Aparté (2e mise à jour) : empoisonnement massif - et délibéré- de Vautours charognards en Guinée Bissau



* Guinée Bissau -

Mises à jour 2/2 (22 avril, 5 mai et 17 juin 2020) : ce sont finalement 1 603 cadavres de Vautours charognards (Necrosyrtes monachusHooded Vulture) qui ont été retrouvés en Guinée Bissau ; empoisonnés. Le décompte funèbre envisagé de 2 000 victimes sera probablement loin de la morbide réalité. En raison de l'instabilité politique (un 'fait culturel' dans le pays) et des affres de la COVID-19, les investigations sont laborieuses et parcellaires. L'hécatombe aurait probablement débuté en décembre et continuait de faire ses victimes fin mars. Quelque 200 des dépouilles récupérées in situ étaient décapitées, les têtes non retrouvées par les 'enquêteurs'. Une mise à mort sacrificielle qui n'a plus rien d'accidentelle (comme on l'espérait au début de l'hécatombe), sur des décharges et environs immédiats de trois localités orientales du petit pays. Un 'braconnage' répondant à une ou plusieurs commandes spécifiques doit être sérieusement envisagé. Le marché ouest-africain de poudres de perlimpinpin est toujours plus florissant, et ne concerne pas exclusivement, loin s'en faut et de moins en moins des populations 'broussardes' (sic), censées être crédules et ignorantes, habitées par la seule superstition ou croyance animiste. La recrudescence de ces massacres industriels dans toute l'Afrique sub-saharienne, singulièrement dans les pays côtiers du Golfe de Guinée et pas uniquement au Nigeria, est désormais le fait des citadins. Onguent, amulettes et viande de brousse : on tient à conserver, à défaut de patrimoine naturel, tous ses ancrages civilisationnels. Nouveaux riches et politiciens moyenâgeux de l'Emergence africaine veulent protéger leurs fortunes, leurs affaires, leur business, leur pouvoir.

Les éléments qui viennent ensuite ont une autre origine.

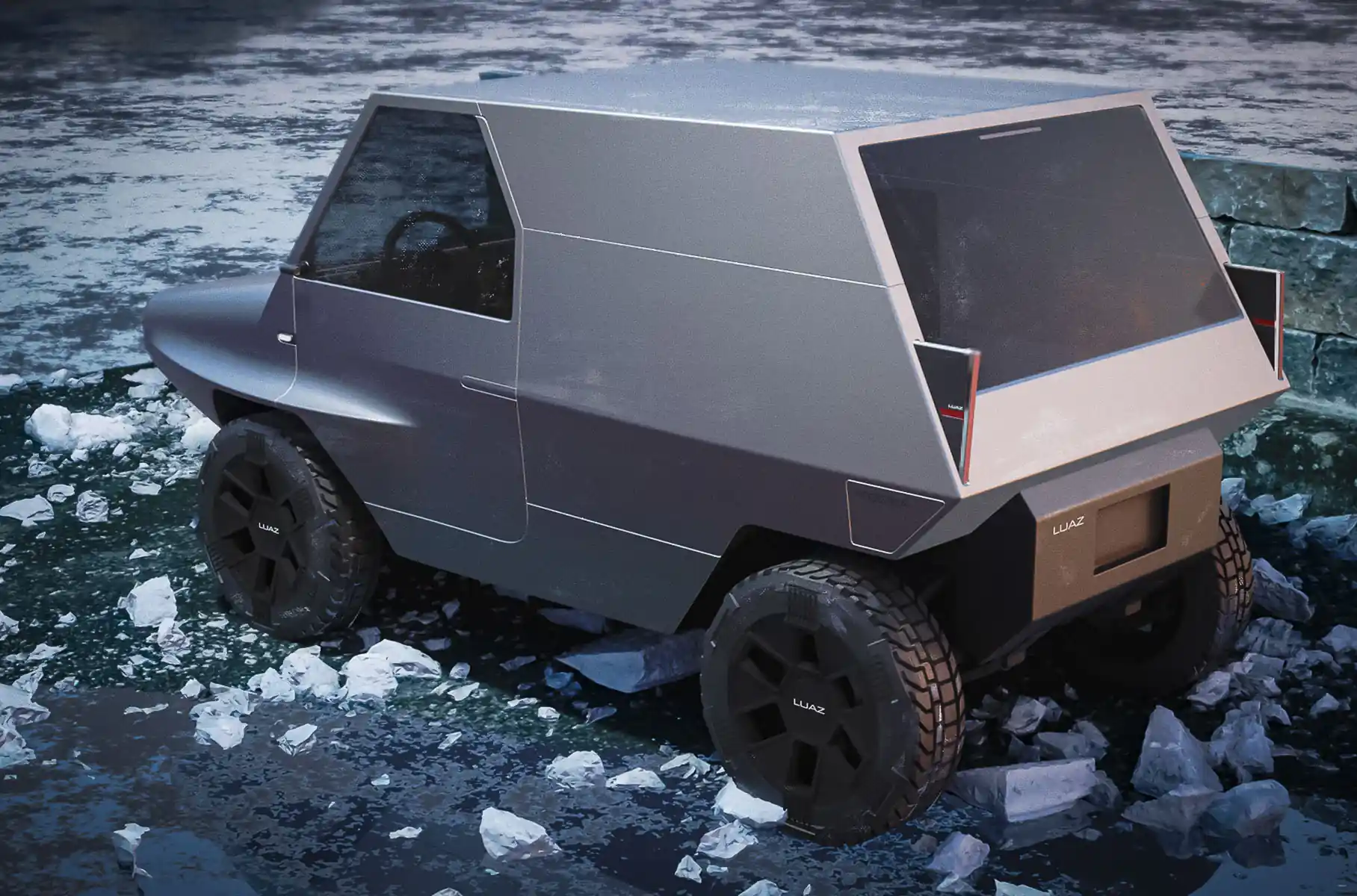 Машина отримала витягнуту передню частину, світлодіодну оптику, приховані дверні ручки, камери замість дзеркал заднього виду і аеродинамічні колеса, взуті в "зубасті" шини. На задніх крилах видно лючок, за яким ховається роз'єм для зарядки. Тобто новий ЛуАЗ "Волинь" став електромобілем, що досить несподівано. Родзинкою проекту стали складані задні ліхтарі.

Taper le sable, boire une tisane de cervelle vulturine ou ceindre d'amulettes l'élastique de son slip Calvin Klein, voilà l'harmonieux mariage de l'authenticité panafricaine et de la mondialisation. D'autant qu'elles restent encore rarissimes, sur ce continent, en Afrique de l'Ouest notamment, les réussites qui doivent tout au seul talent, à de longues et belles études universitaires, ou à un processus incontestablement démocratique. Dans la seule périphérie du Sénégal, les cas pathologiques de la Gambie, du Mali, de la Guinée Bissau, de la Guinée et même du Libéria démontrent combien... le Descartes africain n'est pas encore né. 

Une pétition :
Guinea-Bissau’s Mass Vulture Deaths - PETITION, par African Bird Club (ABC) 2020 06 17

Lire : 
- Biggest ever vulture mortality event in the world unfolds in Guinea-Bissau: estimates of over 2000 Hooded Vultures poisoned to death due to belief-based use,
in Vulture Conservation Foundation (VCF) 2020 04 21 
Investigating the mystery behind Guinea-Bissau’s mass vulture deaths,
par Lewis Kihumba in Birdlife.org 2020 05 5
Ainsi que :
The vultures aren't hovering over Africa – and that's bad news,
par Stephen Moss, in The Guardian 2020 06 13

Toute ressemblance avec des événements affectant des stocks d'hominidés, pour le coup pléthoriques, serait fortuite. Quoique; peut-être pas. Une dizaine de jours seulement, il n'aura fallu que dix jours pour assister, impuissants que nous sommes, à ce qui pourrait être les prémices d'un effondrement du Vautour charognard (Necrosyrtes monachusHooded Vulture) en Guinée-Bissau, ultime sanctuaire ouest-africain de l'espèce. Partout sur le continent, les trois dernières décennies ont vu disparaître du quotidien africain un élément essentiel et emblématique de son décor, de ses ambiances. Commun et répandu depuis la nuit des temps autour des marchés et des dépotoirs, dans les villes et les villages, le nécrophage est devenu au tournant des XXe et XXIe siècles l'une des espèces qui a connu et continue de connaître le plus rapide déclin au monde ! -83% des siens ont disparu en 53 ans (soit en trois générations seulement, in Ogada et al., 2016). Le Vautour charognard est même au seuil critique de l'extinction, selon les critères de l'Union pour la Conservation de la Nature (UICN)*3 : il n'en resterait que 197 000 représentants sur tout le continent ! La Guinée Bissau à elle seule en hébergeait il n'y a pas si longtemps pas moins de 76 000 ! Lors des comptages les plus récents dans le pays, en 2015 Wim Mullié*4 rapportait de la capitale gambienne et de sa région 3 416 de ces Vulturidés. En février 2016, avec Mohamed Henriques et Jean-Marc Thiollay, Wim avait dénombré quelque 669 Charognards dans quelques quartiers de la capitale bissau-guinéenne, estimant qu'il devait encore y avoir à Bissau plusieurs milliers de Vautours charognards. Dans les agglomérations de l'intérieur, Henriques et Thiollay en avaient quant à eux compté 2341 en mars de la même année. Et pour finir le travail, en 2017 un important dénombrement (em)mené par Mohamed Henriques et ses collègues dont notre ami Miguel Lecoq*1 enregistrait encore 43 347 Charognards dans le petit pays, faisant de la Guinée Bissau le premier bastion de Necrosyrtes monachus au sud du Sahara. 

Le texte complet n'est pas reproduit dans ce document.